▸ **Work item**: The reply should hold only the lines below beginning at the one with "世界中で唯一、えびの高原の渓" and ending at the one with "Digital Sheet Music", copied exactly, with every picture left out.

▸ **Saved data entries**:
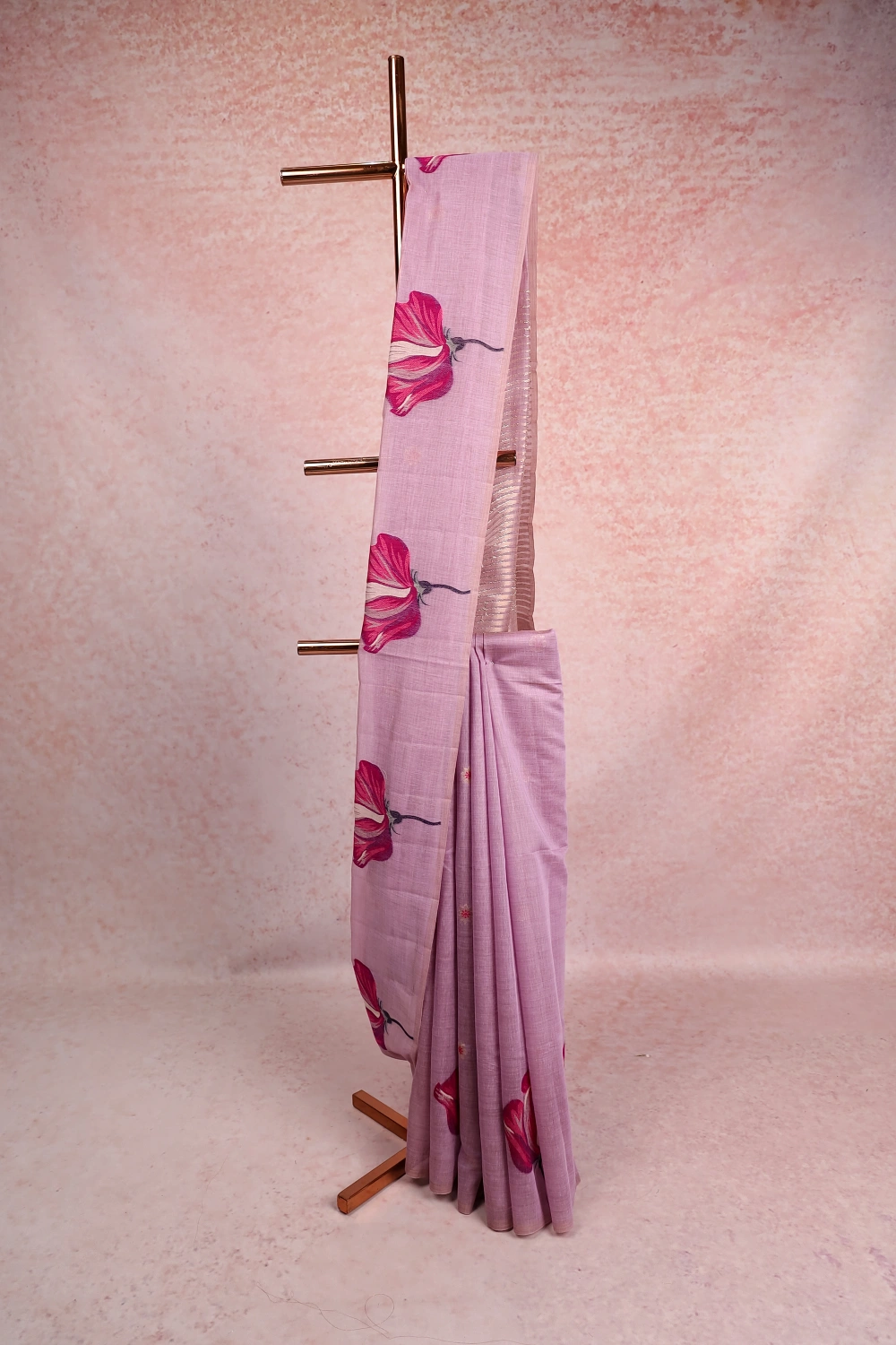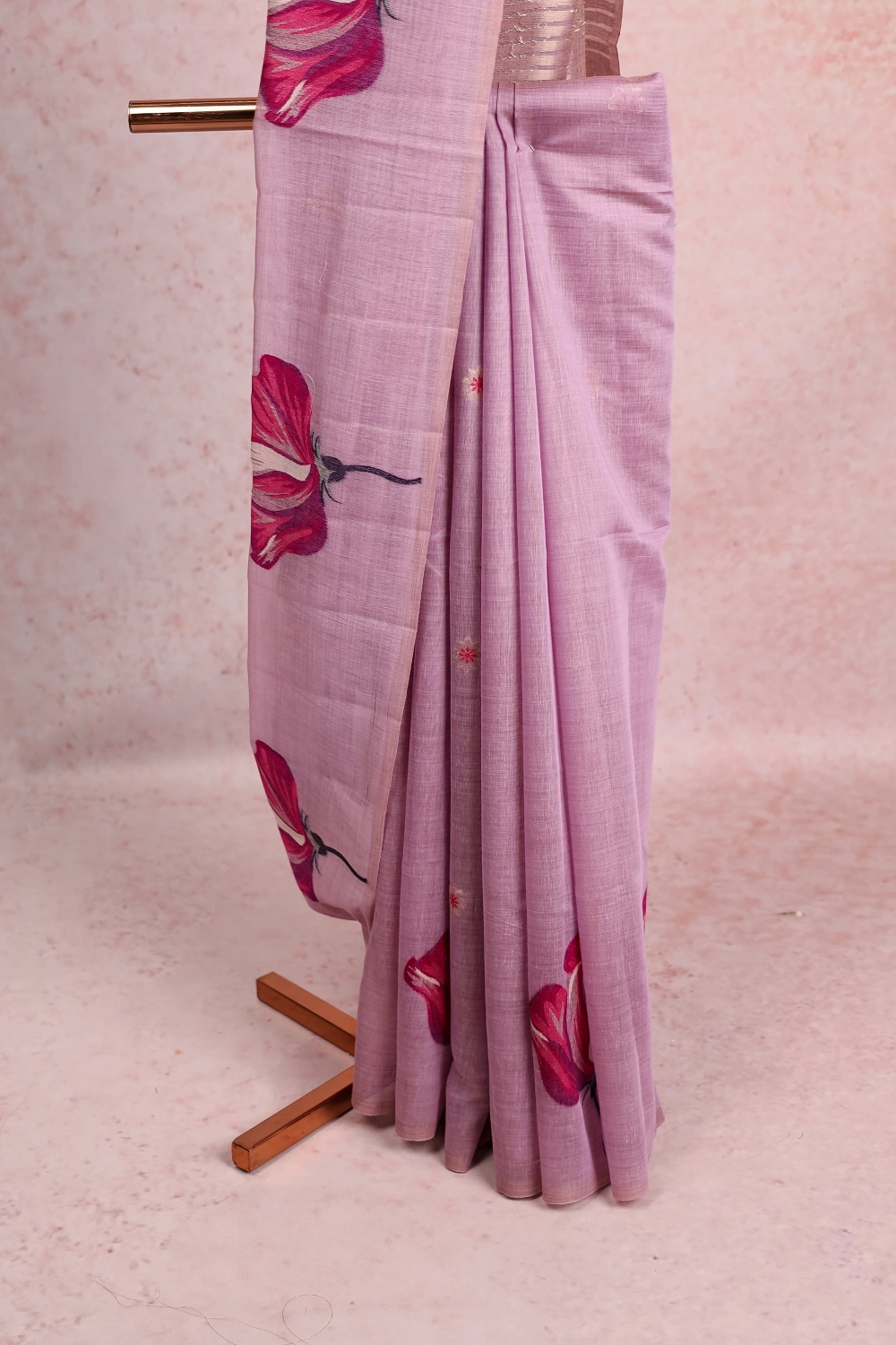 Lavender Semi Linen Butta Saree with Without Border. Includes Unstitched Blouse
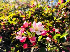 世界中で唯一、えびの高原の渓流沿いのみに自生するノカイドウ約300株が、例年4月下旬から5月上旬にかけて開花します。濃赤色のつぼみが開き、ピンクがかった白い花が枝いっぱいに可憐な花を咲かせます。ノカイドウの自生地は、国の天然記念物に指定されています。
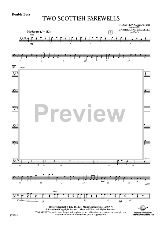 Digital Sheet Music for Two Scottish Farewells - Double Bass by Traditional Scottish, Carrie Lane Gruselle scored for String Orchestra; id:436917
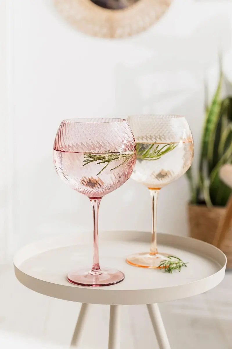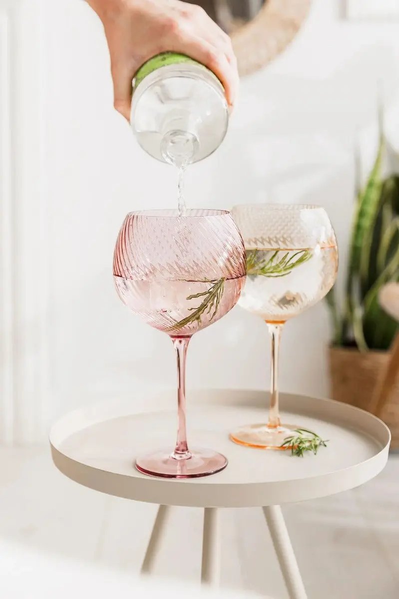 Diese Gingläser Twist in Pink und Peach verwandeln jeden Drink in ein Erlebnis. Mit ihrem voluminösen Kelch, der gedrehten Struktur und der charmanten Farbverläufe sind sie wie gemacht für den stilvollen Gin Tonic am Abend oder den spritzigen Sommer-Cocktail auf der Terrasse. Die zarten Farbtöne in Rosa und Pfirsich sorgen für eine feminine Eleganz, die sich auf jeder Hausbar sehen lassen kann.
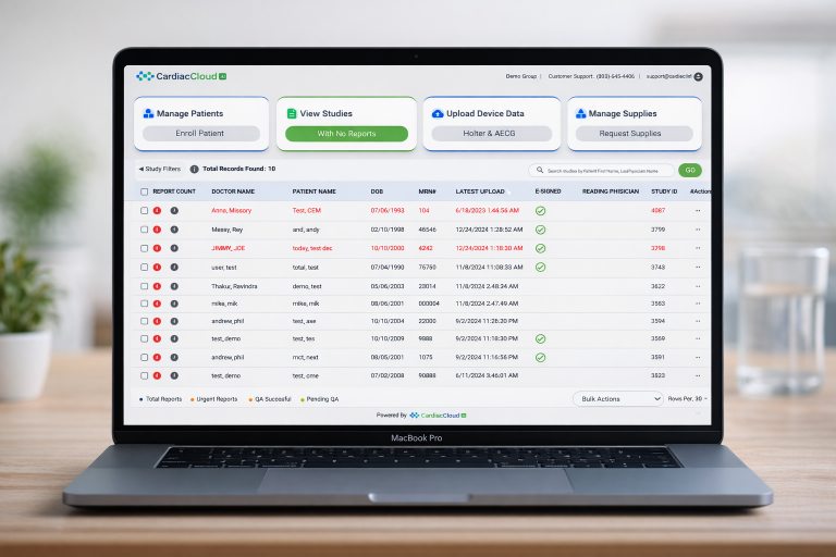 For Physicians Streamlined Dashboard Easily identify which reports need your attention with a clear, organized dashboard, saving you time and effort. Expert Reporting Rely on our team of experienced certified cardiac technicians to deliver accurate insights giving you peace of mind and confidence. Customizable Reports Tailor reports to your specific needs, with configurable options that make interpreting patient data more efficient and precise. Fast Report Turnaround Get detailed reports the next business morning or in just 4 hours with our STAT service, allowing for quicker diagnoses and patient management. Centralized Device Management Easily manage all devices through a centralized cloud platform, simplifying data uploads and enhancing workflow efficiency. Prescribe & Start Study Keep as many disposable patch devices on hand as needed – no more delays from shipping or waiting for devices to return. Ready to see CardiacCloud AI in action? Book a demo and we’ll walk through device onboarding, cloud triage, and (Gen)AI assisted reporting.
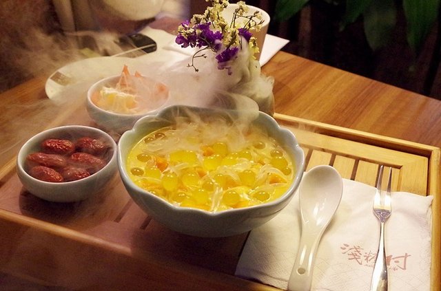 浅糖村的甜品主打的是意境噱头,所谓意境。其实是注重摆盘,各种大型的承装器皿,加入冰渣,放上干冰,看着诱人甜品置身在仙雾缭绕中,一个字 仙!
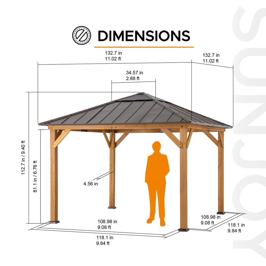 Expand your living space by bringing the indoors outside and creating your end-of-the-day oasis that’s the perfect spot for entertaining family and friends. This 11x11 ft. hard top gazebo by the world’s leading ready-to-assemble outdoor structure maker, SUNJOY, creates the perfect outdoor setting for any time of the year. Spend all four seasons enjoying a covered spot outdoors beneath a cedar wood frame and sturdy powder-coated steel and polycarbonate roof top that will stand the test of time. The frosted polycarbonate skylight allows the gazebo to provide needed shade on hot sunny days while still allowing in natural light. Set the mood by suspending a chandelier from the incorporated ceiling hook for additional functional light and a touch of elegance. With straight-forward, easy-to-follow assembly instructions you’ll soon be enjoying your favorite new outdoor living space, and for years to come.
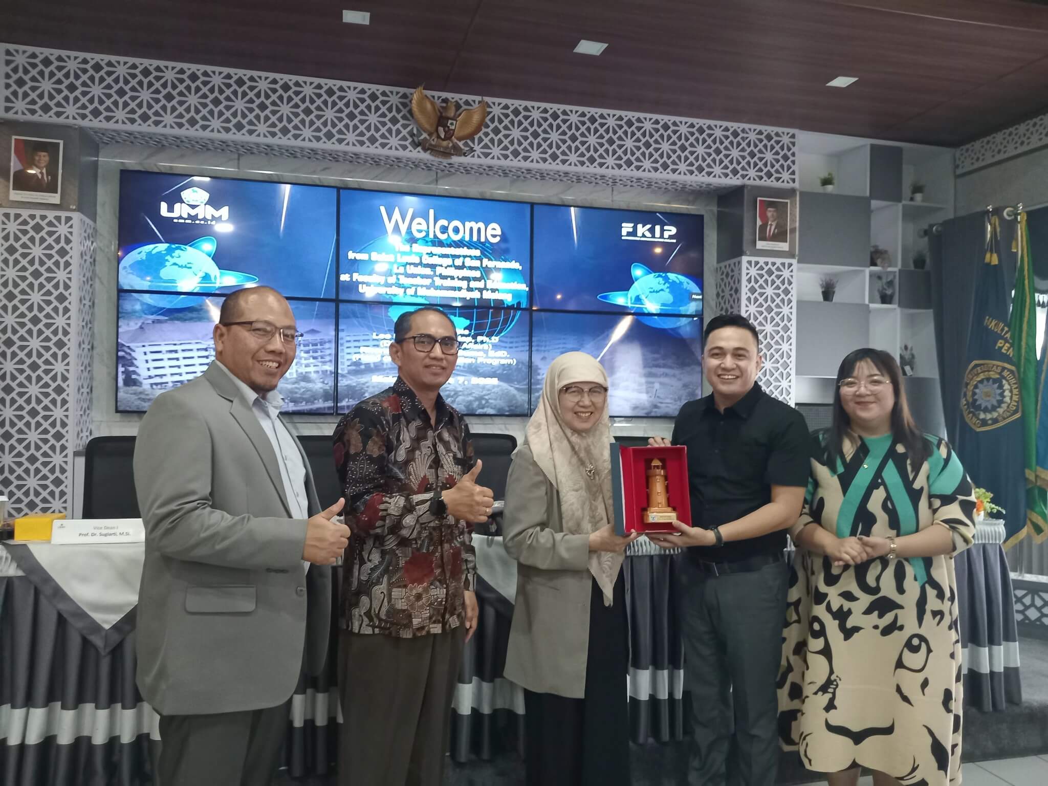 Representing SLC-SFLU were Dr. Leo Esteene L. Galap, Director of Global Affairs, and Dr. Rhonalie B. Apilado-Dumo, Program Head of Teacher Education. They were received with warm hospitality by UMM’s Vice Rector, Muhamad Salis Yuniardi, M.Psi., PhD, together with Vice Deans Bayu Hendro Wicaksono, M.Ed., PhD, and Prof. Dr. Sugiarti, M.Si. Also in attendance were the heads of the various education program specializations of the university.
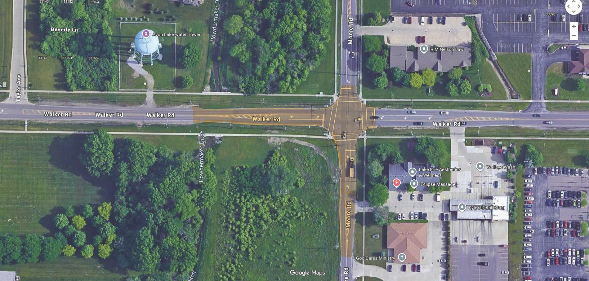 The City of Avon Lake's Walker Road Phase 5 construction project starts approximately 1,600 feet east of Miller Road (at the old railroad crossing) and continues eastward to Moore Road.

▸ **Your solution**:
 世界中で唯一、えびの高原の渓流沿いのみに自生するノカイドウ約300株が、例年4月下旬から5月上旬にかけて開花します。濃赤色のつぼみが開き、ピンクがかった白い花が枝いっぱいに可憐な花を咲かせます。ノカイドウの自生地は、国の天然記念物に指定されています。
 Digital Sheet Music for Two Scottish Farewells - Double Bass by Traditional Scottish, Carrie Lane Gruselle scored for String Orchestra; id:436917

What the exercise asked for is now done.